══ Data provided ══

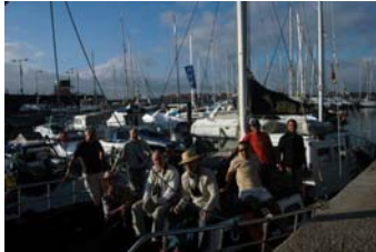
Leaving Funchal Harbour
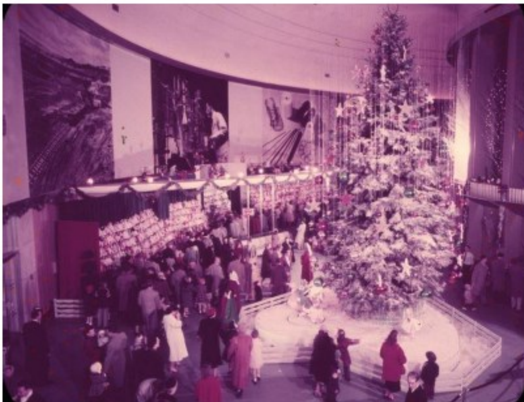
The Christmas tree and doll display at the 1955 Christmas Fantasy...
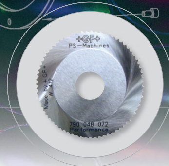
Saw blades for optimal cutting results and long tool service life. Performance range for high-alloyed steel (stainless steel).
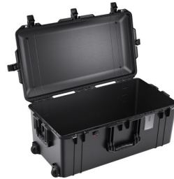
1626NF No Foam

═══

#### [Instructions to follow]
Exactly the lines from the one with "The Christmas tree" to the last line of the listing are wanted, both ends included and pictures excluded.

#### [Task answer]
The Christmas tree and doll display at the 1955 Christmas Fantasy...
Saw blades for optimal cutting results and long tool service life. Performance range for high-alloyed steel (stainless steel).
1626NF No Foam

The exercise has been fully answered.